I have the following regex:

const splitRegex = new RegExp('(".*?"|[^",]+)(?=\\s*,|\\s*$)', 'g');
const row = line.match(splitRegex);

to extract strings in quotes in this but ignoring commas, however, it doesn't work with string like: 6000.1, Basic "Internet" abc, 101, NO_VLAN which will return just ["6000.1", "abc", "101", "NO_VLAN"]

I tried adding regex for "a word followed by a space" ([^\s]*)(?=\s*) at the beginning and the end of the original one but it looks even worse... [ "6000.1,", "\"Internet\" abc,", " 101,", " NO_VLAN" ]

What I would like is ["6000.1", "Basic \"Internet\" abc", "101", "NO_VLAN"] or ["6000.1", "Basic \"Internet\"", "101", "NO_VLAN"] if the string is 6000.1, Basic "Internet", 101, NO_VLAN

Thank you.

lmngn23
  • 511
  • 3
  • 15

2 Answers2

1

You can use

text.match(/(?=\S)(?:"[^"]*"|[^",])+/g)

Or, if you need to include escape sequences:

text.match(/(?=\S)(?:"[^"\\]*(?:\\[\s\S][^"\\]*)*"|[^",])+/g)

See the regex demo #1 and regex demo #2.

Details

  • (?=\S) - next char must be a non-whitespace char
  • (?:"[^"]*"|[^",])+ - one or more occurrences (+) of the pattern sequence defined in a non-capturing group ((?:...)):
    • "[^"]*" - either ", then 0 or more chars other than " and then a "
    • | - or
    • [^",] - any char other than " and ,.

JavaScript demo:

const text = String.raw`6000.1, Basic "Internet \"text\"" abc, 101, NO_VLAN`;
console.log(text.match(/(?=\S)(?:"[^"\\]*(?:\\[\s\S][^"\\]*)*"|[^",])+/g));
Wiktor Stribiżew
  • 607,720
  • 39
  • 448
  • 563
  • Thank you! For the 1st one, why can't it be `(?:\S"[^"]*"|[^",])+` ? – lmngn23 Aug 24 '20 at 21:43
  • @user545871 It would require a non-whitespace char and then a double quote substring in the first alternative, it will overmatch, or undermatch.
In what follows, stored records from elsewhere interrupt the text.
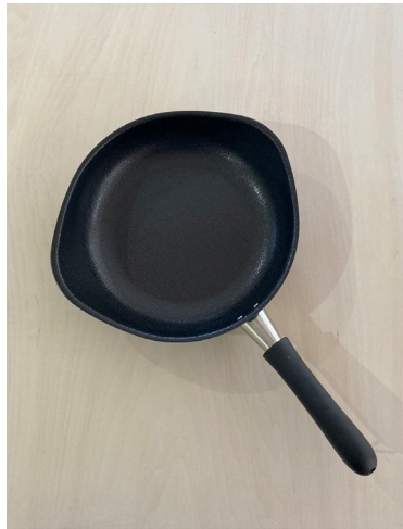
フライパン(22.5cm) *フタあり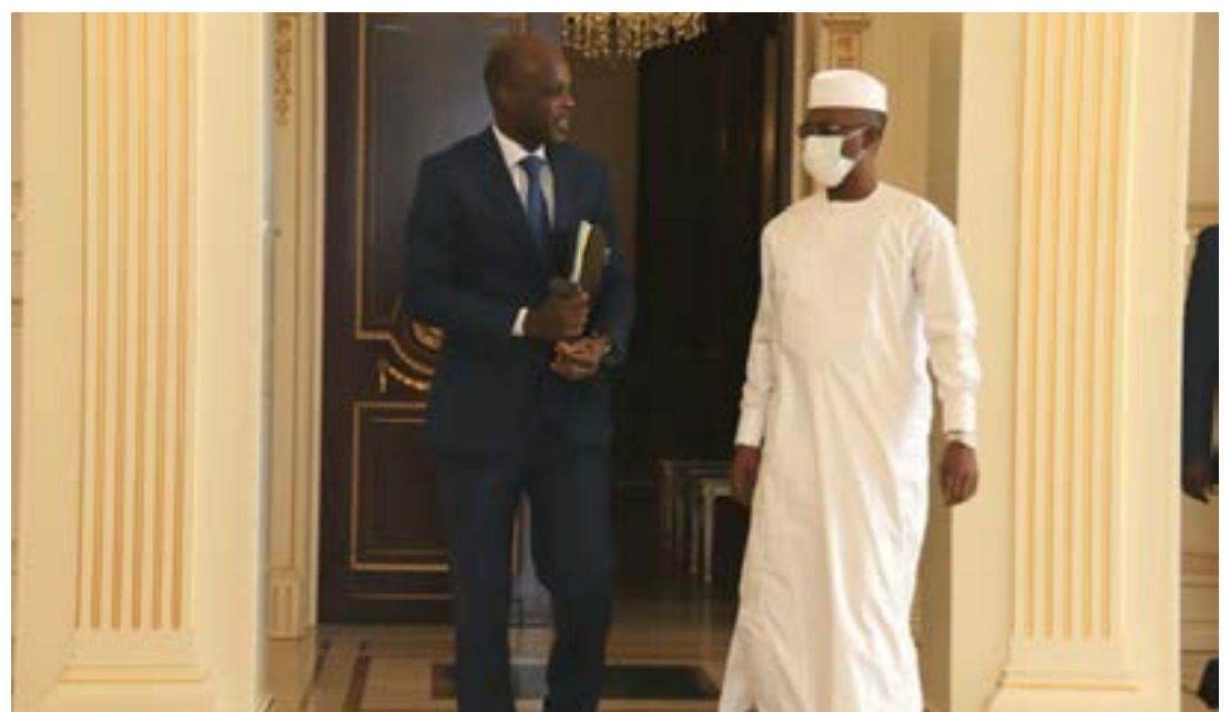
Professeur Robert Dussey (à gauche) et le général Mahamat Idriss Deby Itno à la sortie d'audience

« J'ai été porteur d'un message du président de la République togolaise, le président Faure Gnassingbé, qui a souhaité que nous puissions discuter avec le président de la transition et surtout l'encourager pour l'effort qu'il est en train de faire afin de préserver la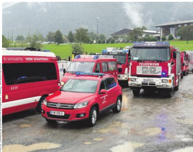
Die zwei Feuerwehr-Katastrophenhilfszüge brachen Montagmittag aus Kufstein in Richtung Niederösterreich auf.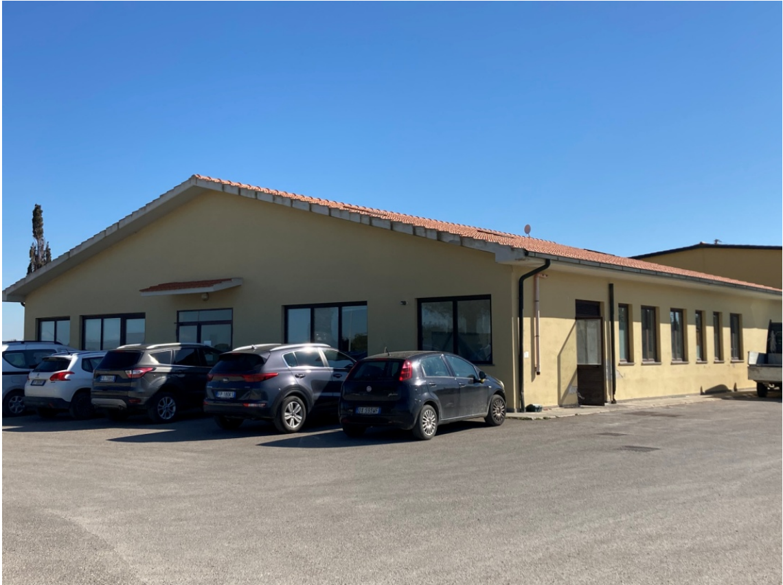
foto 5: uffici amministrativi e servizi al personale (rif. 3) - vista da sud-ovest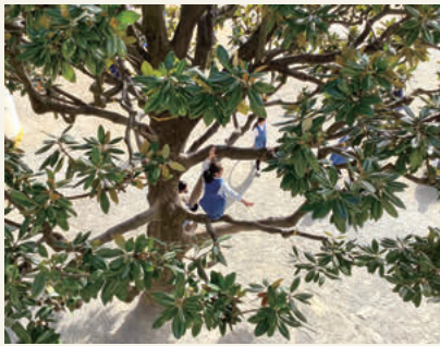
毎日、子どもたちを見守るタイサンボク

こんなことを教えられました。「タイサンボクは、本来とても大きく生長する木だけれど、小学部のタイサンボクは子どもたちが登りやすいように低い所から枝が生えていて、それを横へ広げてくれているのよ」私は、それを伺い、何十年もタイサンボクに登ってきた小学部の子どもたちとその子どもたちを支え続けたタイサンボクとの歴史を木の形から感じる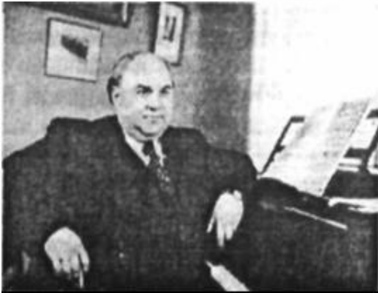
К. Данькевич – український радянський композитор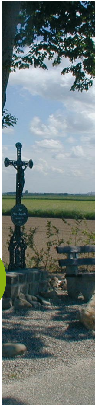
Feldkreuz bei Harzelt

Fahrrad-Service: s. Wissenswertes von A - Z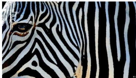
عنصر خط در طبیعت

همانگونه که در مبحث نقطه اشاره شد، عنصر خط نیز نسبت به زمان و مکان متغیر است. به عنوان مثال، اگر به یک ردیف درخت از فاصله دور نگاه کنیم، به صورت خطوطی منظم دیده میشوند. در حالی که هر اندازه به این درختها نزدیک شویم، خطوط نیز در واقعیت درخت، حل شده و در نهایت تنه درختها را می بینیم که خط نبوده و هر یک دارای حجمی استوانه ای هستند. همینطور است در باره خطوط راه آهن و خیابانها، که اگر از پنجره هواپیما به آنها نگاه کنیم به شکل خطوطی متنوع ( راست، منحنی و زاویه دار ) دیده می شوند. ولی اگر در کنار ریل راه آهن ویا در همان خیابان به ایستید، خطها مبدل به سطوح شده و نزدیکترین قسمت آن به ما به صورت حجم دیده میشود. بنا بر این خط نسبت به زمان و مکان میتواند از یک عنصر یک بعدی به سطح و سپس به حجم تبدیل شود. خط دارای اشکال مختلفی است که عبارتند از: خط عمودی، افقی، مایل، منحنی و شکسته.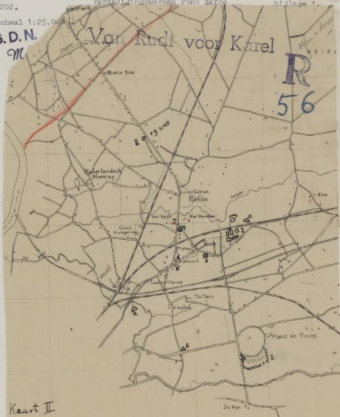
Kaart II schaal 1: 25000.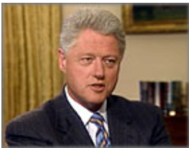
Presidente de Estados Unidos Bill Clinton (1992-2000)

“Claro está, el Plan Colombia también fortalecerá nuestros esfuerzos comunes por combatir la droga y los narcotraficantes que aterrorizan a nuestras dos naciones. Pero les ruego que no interpreten mal nuestro propósito. Nuestro objetivo no es militar. No creemos que su conflicto tenga una solución militar. Apoyamos el proceso de paz. Nuestro enfoque en tanto pro-paz como anti-droga”.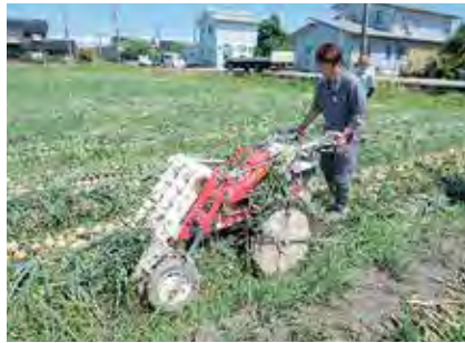
(写真1) 根葉切り作業

令和元年度第6回J A富山県女性協ママさん大学「房総半島と古都鎌倉・箱根路3日間の旅」になのはな農協女性部27名が元気に参加しました。 1日目は、猛暑の埼玉県川越の散策後、千葉県「海ほたる」P Aの潮風に吹かれ造った人間の力に感動!! 2日目は、おおつの里のびわ狩り、ハウスの中の大きなびわを剥いて食べて食べて・・・指が橙色に。鋸山のロープウェイは登ったら厳しい石ごころの下山が待っていました。金谷港からあつとという間に神奈川県に入り、大仏様に手を合わせて祈るは健康と旅の安全。3日目は、涼しい曇り空、噴火の影響で大涌谷は行かず、強風で芦ノ湖遊覧は運休だった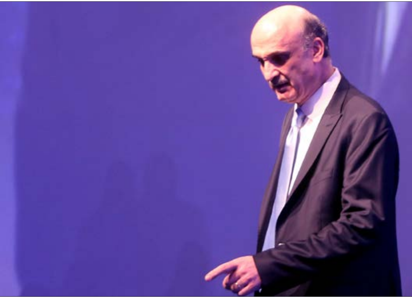
حزب القوات اللبنانية يحاول وضع «فيتو» على توزيع حردان (هيثم الموسوي)

بعدها بات رئيس حزب القوات اللبنانية سمير جعجع متيقناً من إجماع خصومه وحلفائه على عدم منح وزارة سيادية، لم يجد غير «الحركة» على العهد، في أولى حكوماته. في المقابل، يبدي الرئيس نبيه بري إيجابية لافتة مع الرئيس سعد الحريري، رغم «الطعنة» التي وجهها الأخير إليه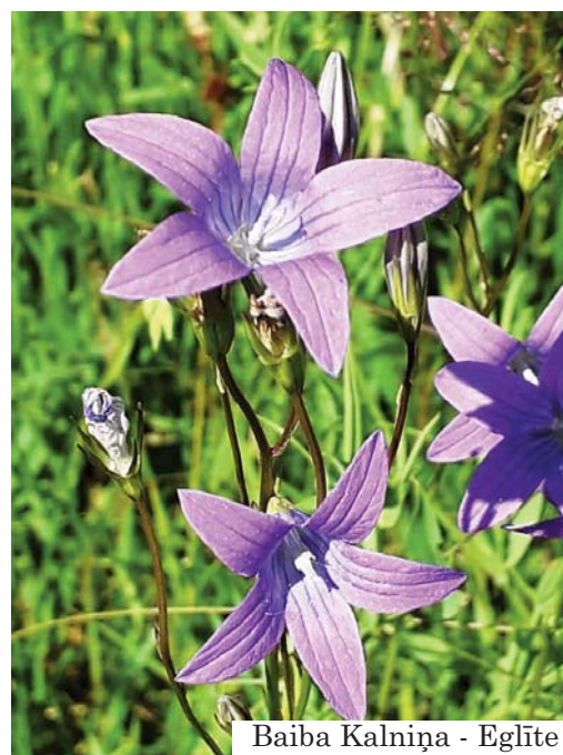
Baiba Kalniņa - Eglīte

We only want the first char of a match to be a non-whitespace char in order to avoid trimming the results later. – Wiktor Stribiżew Aug 24 '20 at 22:13
0

This regex works with your example ((?=\S)[^,]+):

const regex = /((?=\S)[^,]+)/gm;
const str = `6000.1, Basic "Internet" abc, 101, NO_VLAN`;

console.log(str.match(regex));
Charlesthk
  • 9,394
  • 5
  • 43
  • 45